Content starts

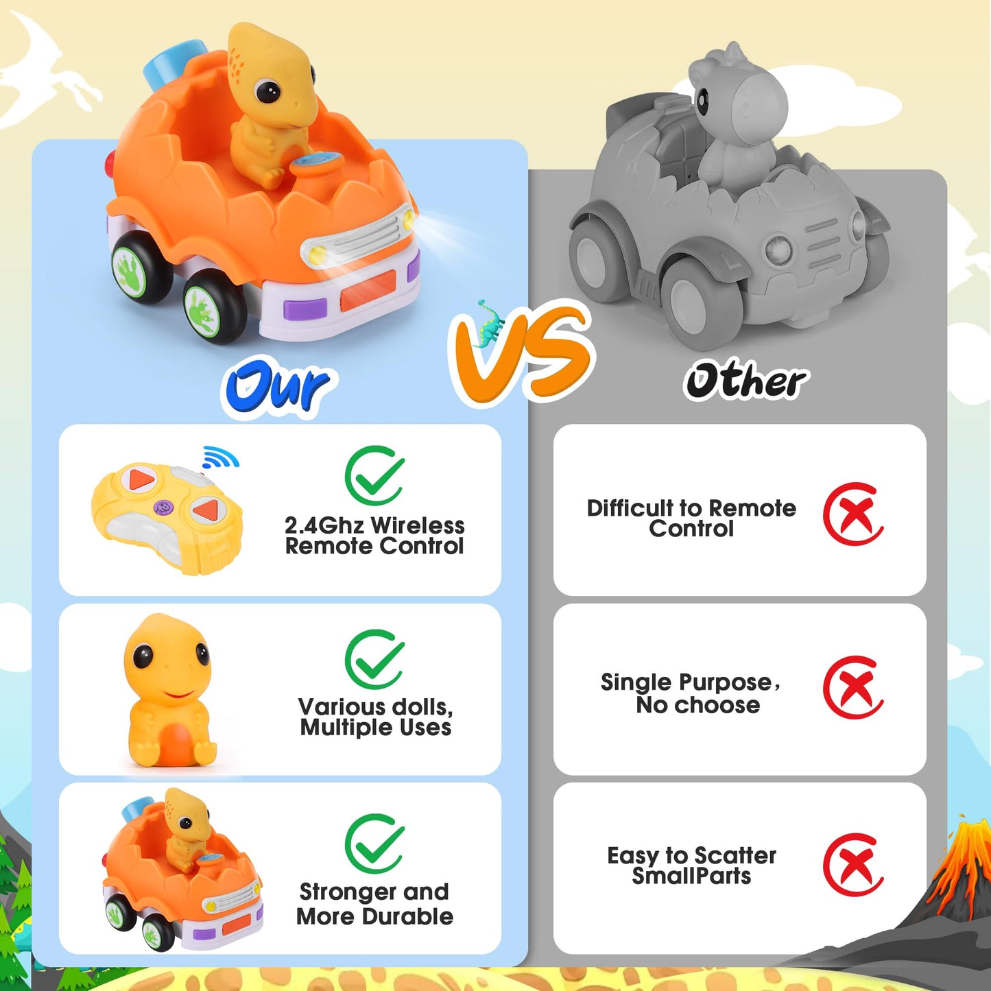 View comparetaseyok 2 Pack Remote Control Car for Toddlers, Dinosaur Toys for Kids 2-6, Toddler Sensory Toys with LED Lights and Sound, Chri
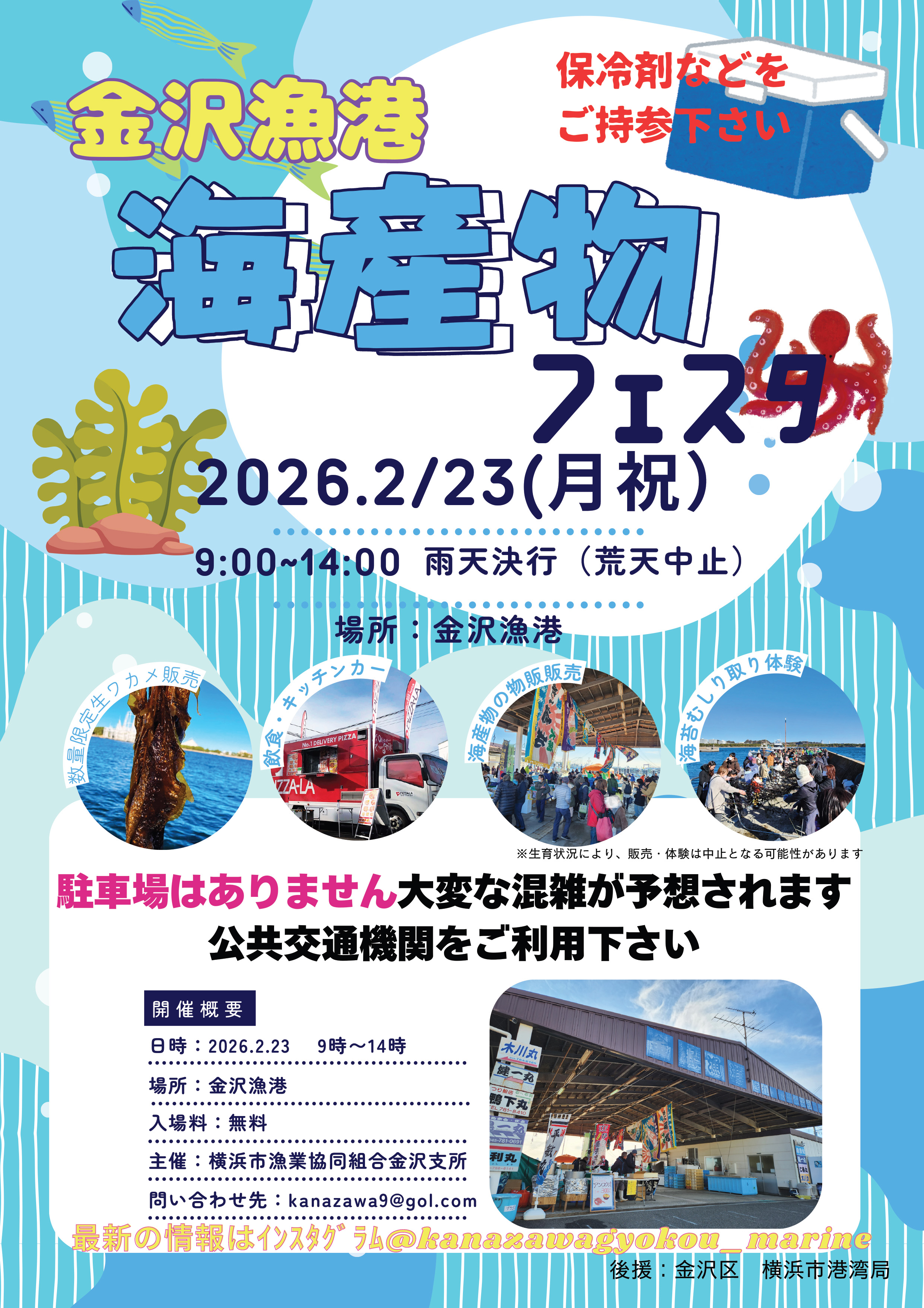 問合せ :横浜市漁業協同組合 金沢支所 kanazawa9@gol.com
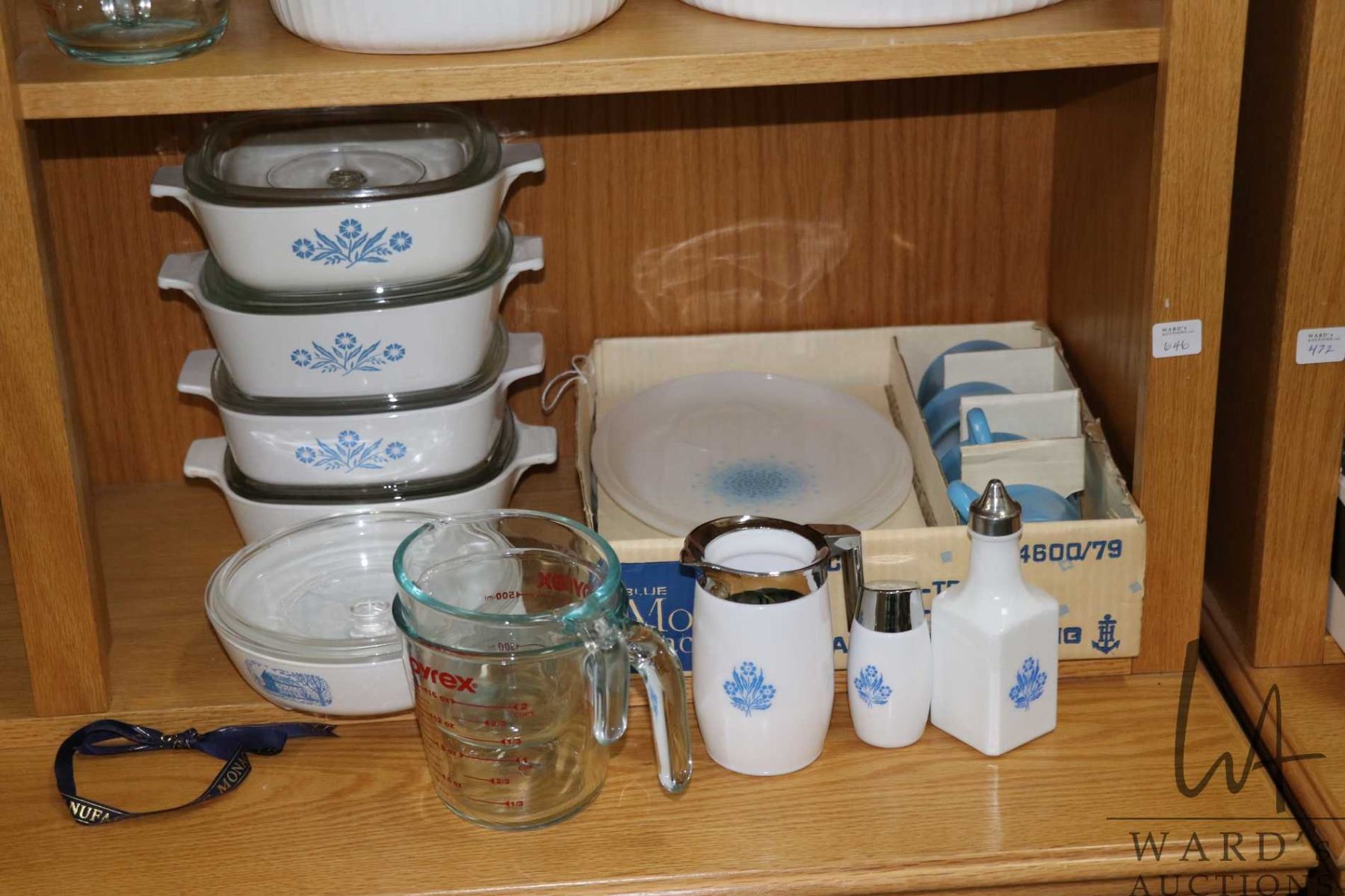 Selection of vintage cookware including Anchor Hocking Blue Mosiac snack set, four lidded casserole dishes, small lidded Corning ware pan etc.
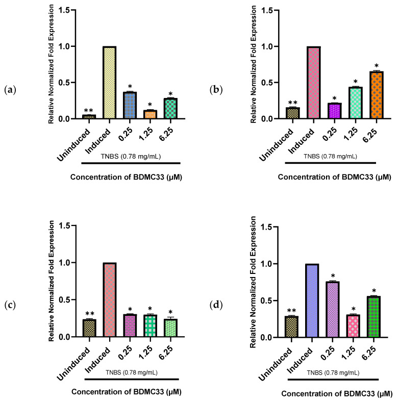 Relative normalized fold expression in (a) BMP2a, (b) BMP7b, (c) BMP4, and (d) BMP6 genes induced with 0.78 mg/mL of TNBS and treated with BDMC33 at three different concentrations (0.25, 1.25, and 6.25 μM). Thirty 12-day-old larvae were pooled from each of the uninduced, TNBS-induced, and TNBS-induced with treatment (BDMC33) groups for total RNA extraction. All genes were normalized against two reference genes: GAPDH and β actin. Data are expressed as the mean ± S.E.M. of three replicates. Values of * p < 0.05 and ** p < 0.01 were considered significantly different from the induced group.
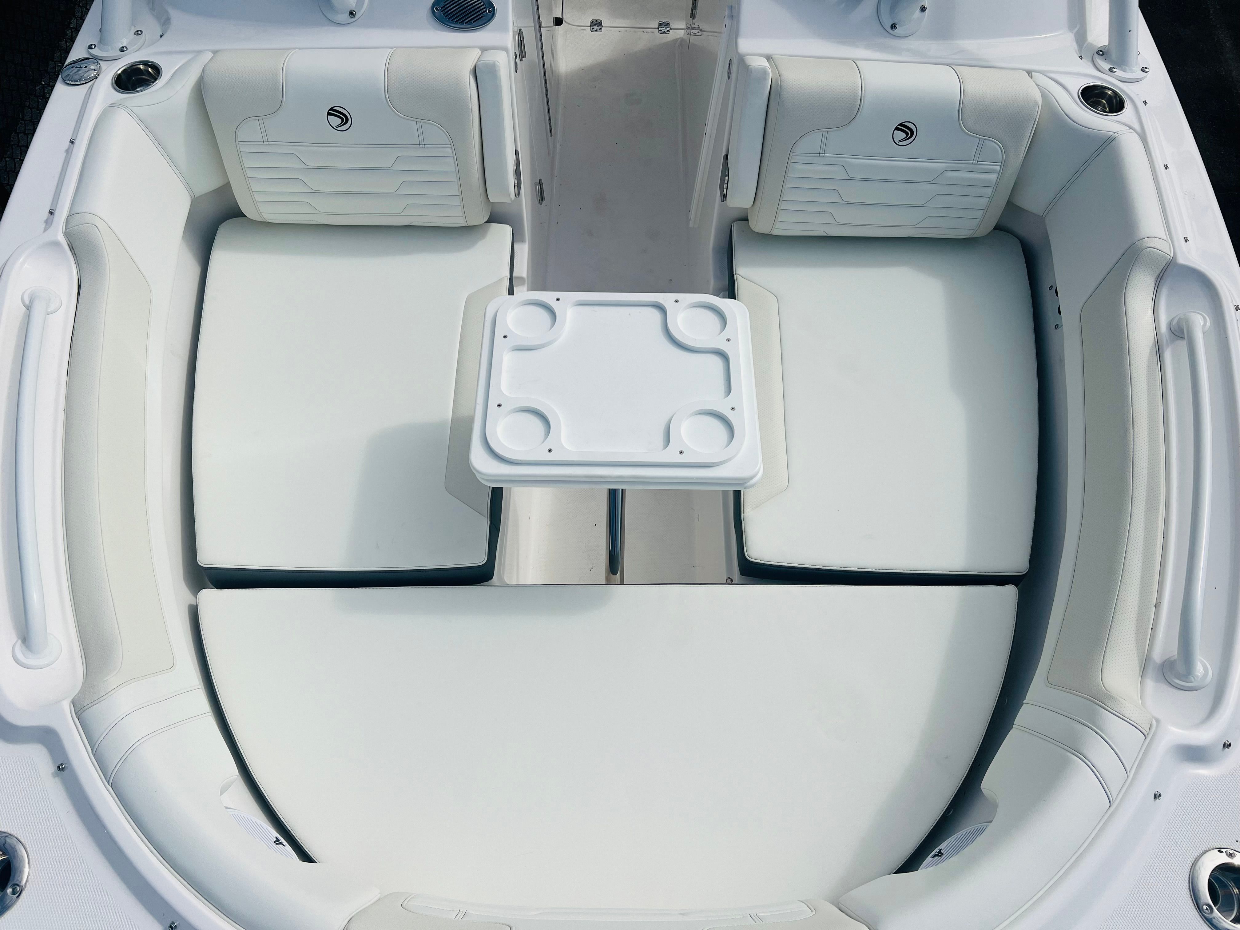 The versatility of the Edgewater 248 CX makes it the perfect companion for a wide range of activities. Imagine setting out for a family day on the lake, with plenty of space for everyone to relax, swim, and enjoy a picnic. For fishing enthusiasts, the integrated rod holders and prep station make it easy to gear up and clean your catch right on board. If you love water sports, the powerful Yamaha engine provides the speed and agility needed for tubing, wakeboarding, or skiing.This dual console boat also shines as a platform for entertaining, with its comfortable seating, premium sound system, and elegant design creating the perfect backdrop for sunset cruises and social gatherings. Whether you’re exploring new waterways, hosting friends, or enjoying a quiet day on the water, the Edgewater 248 CX adapts to your every need.
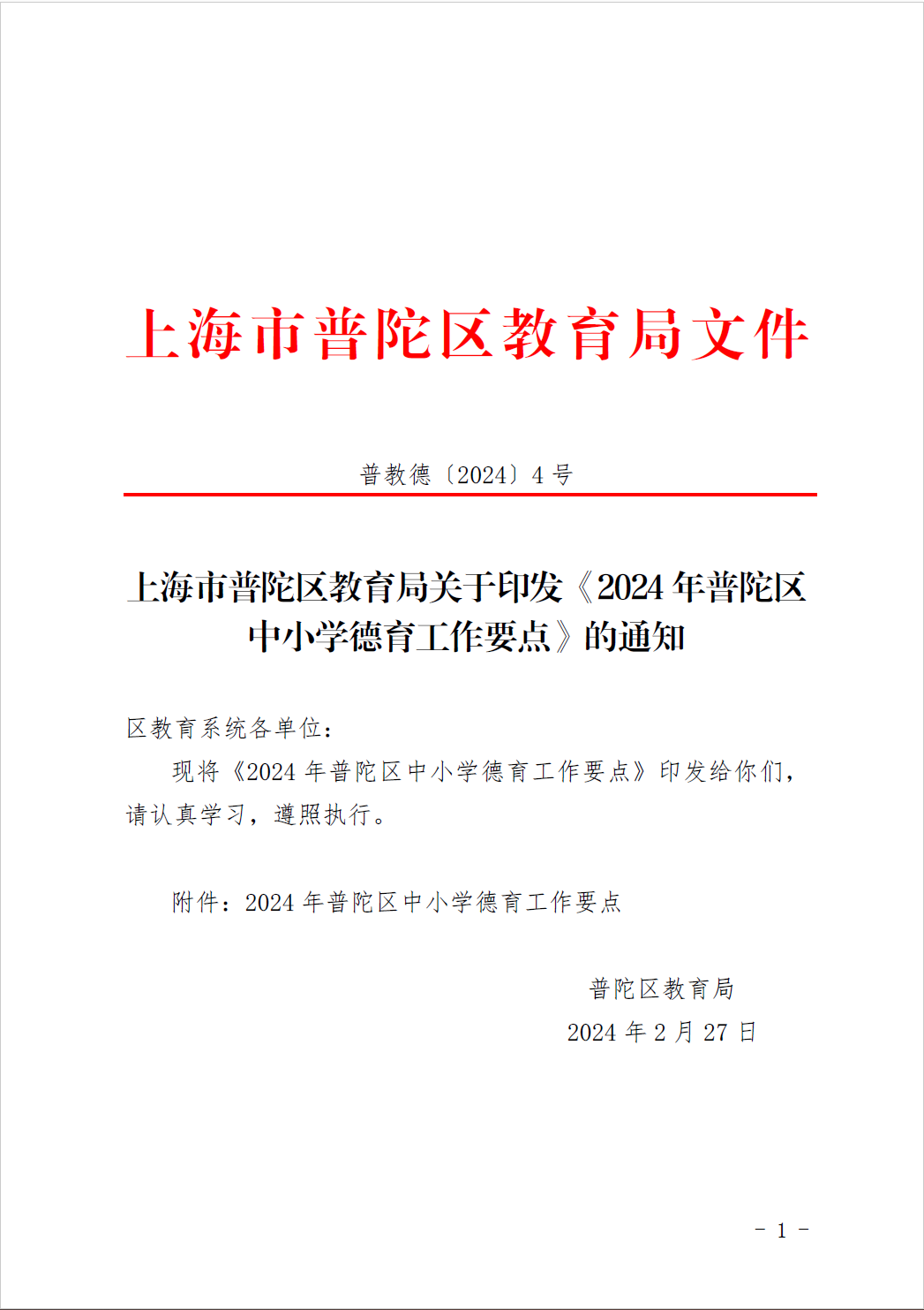 现将《2024年普陀区中小学德育工作要点》印发给你们,请认真学习,遵照执行。
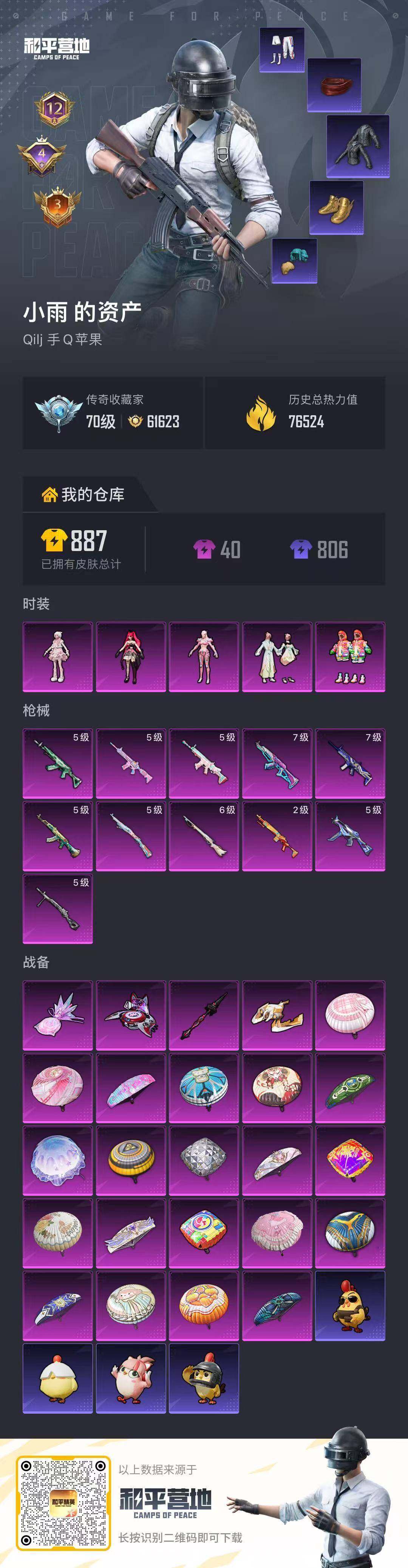 2498550_实名可改苹果Q【精品身法素材号多种特效枪满级AK梦之光华羊梦糖心都市金鞋蜘蛛侠天命红眼罩蓝螳螂兔兔白日梦激萌罗小黑狂沙国宝头盔粉熊背包】-6稀有5粉装11特效枪13热门182套装223枪皮76523热力值12印记历史超级王牌24星【6稀有】奇异狩猎者AKM-缤纷海域都市猎人浪漫天命派对舞王派对舞王(金靴子)【5粉装】绯穹魔姬炫光之旅守护天翼羊梦糖心莲影清波【11特效枪】SCAR-L
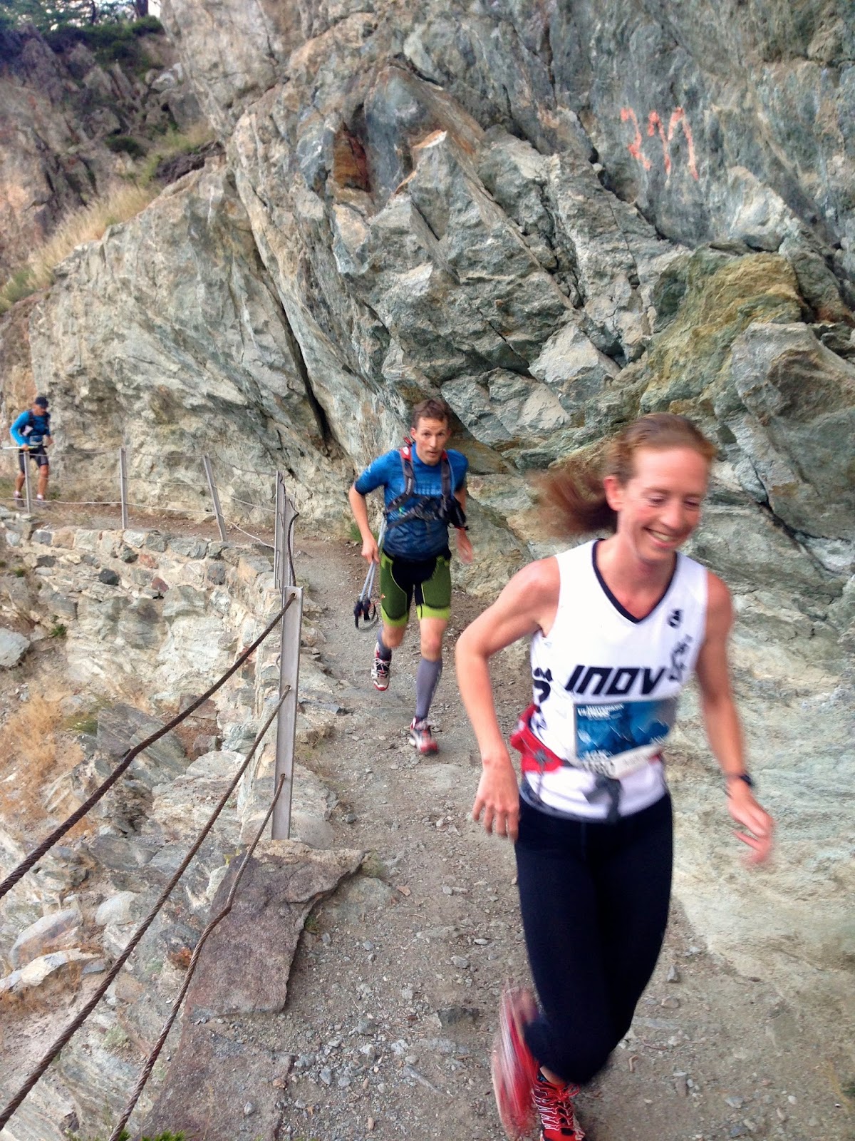 Kilian Jornet had won the race in 4:43:05, with Luis Alberto Hernando Alzaga (4:44:47) and Nicola Gollinelli (4:45:57) coming in soon afterwards, all of them well exceeding the expected 5:15 winning time. Swiss runners, Marc Lauenstein (Sierre-Zinal winner) and Ultraks ambassador Martin Anthamatten were fourth and fifth respectively. Emilie Forsberg (5:41:16) handily won the Women’s division, with Silvia Serafini (5:44:37) having a strong second half to claim second, and Nuria Dominguez Azpeleta (5:59:19) passing Anna Lupton in the final mile for third. Eirick (5:03:15) had held on for 9th after running out of gas in the final climb, while Anna Lupton (6:01:59) held on for 4th, and Florian had completely imploded but hung tough to finish just a few minutes ahead of me. Not bad, team! We're now 4th in the Skyrunning team competition with one race left in the Series!

Content ends

Work instructions >>
Copy exactly the lines running from the beginning of the listing through the line that has "Selection of vintage". Drop the pictures.

Response for this exercise >>
 View comparetaseyok 2 Pack Remote Control Car for Toddlers, Dinosaur Toys for Kids 2-6, Toddler Sensory Toys with LED Lights and Sound, Chri
 問合せ :横浜市漁業協同組合 金沢支所 kanazawa9@gol.com
 Selection of vintage cookware including Anchor Hocking Blue Mosiac snack set, four lidded casserole dishes, small lidded Corning ware pan etc.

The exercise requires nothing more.